Coder Social home page Coder Social logo

dsc-3-28-10-graph-dynamics-bipartite-graphs-online-ds-ft-041519's Introduction

Clustering Networks

Introduction

You've now looked at some basic measures of nodes and their relationships to one another. Expanding upon this analysis of networks, it is natural to focus on larger structures within the network. In this lesson you'll explore clusters within networks such as subcultures, social circles and cliques.

Objectives

You will be able to:

  • Discuss various approaches to clustering networks
  • Implement clustering via NetworkX
  • Define clique

Approaches to Clustering

You've already started to get a vague sense of clustering: in the previous lab, you attempted to find individuals who bridged two different social circles within a larger network. These key individuals whom connect the network are then the glue that holds the network together. From this, there are two ways to approach clustering groups and subgroups in networks: one is from the bottom up, building smaller networks from central nodes on out, and the other from the top down, removing central nodes from the full network and observing how the network splinters into factions.

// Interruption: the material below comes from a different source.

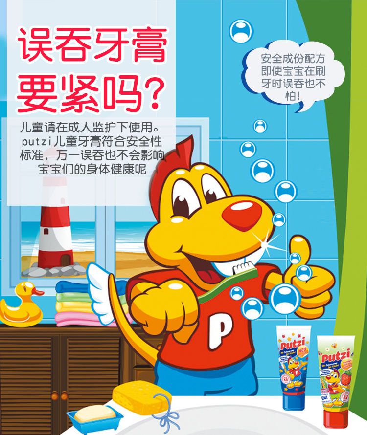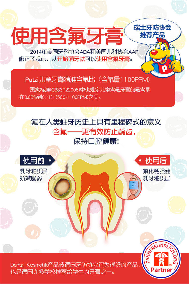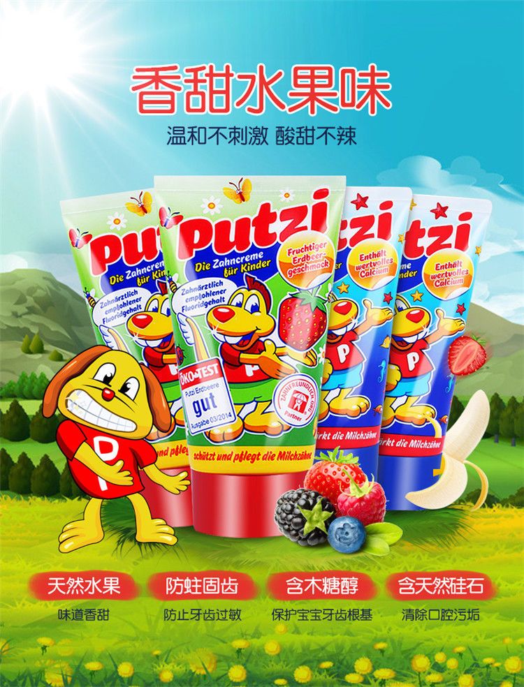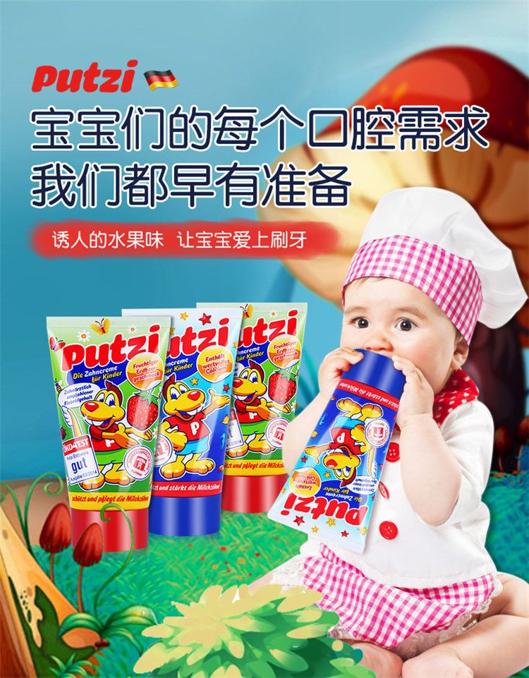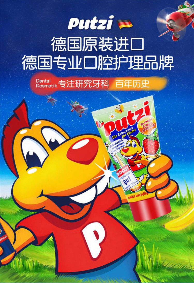 【爆款超低价预售 急单慎拍】德国进口putzi宝宝儿童牙膏1-7岁含氟防蛀固齿经典草莓味牙膏50ml

One method exhibiting the former approach to clustering is k-clique clustering. A clique is a subset of nodes which are adjacent to all the other nodes within the clique. The most simple example is with three nodes:

K-clique clustering expands upon this notion of cliques by forming clusters of nodes that are within k edges from one another. As with the simple cliques shown above, all nodes within these clique clusters must be within k edges from any other node within the clique.

The Girvan–Newman algorithm takes the opposite approach. It starts with the full network and then begins removing nodes with the largest betweeness, observing how the graph then breaks into smaller clusters. Due to this approach, the graph will gradually be broken into smaller and smaller clusters until every node forms it's own cluster. As a result, determining an appropriate threshold to terminate the algorithm where groups are well formed and neither too general nor too specific can be a challenge.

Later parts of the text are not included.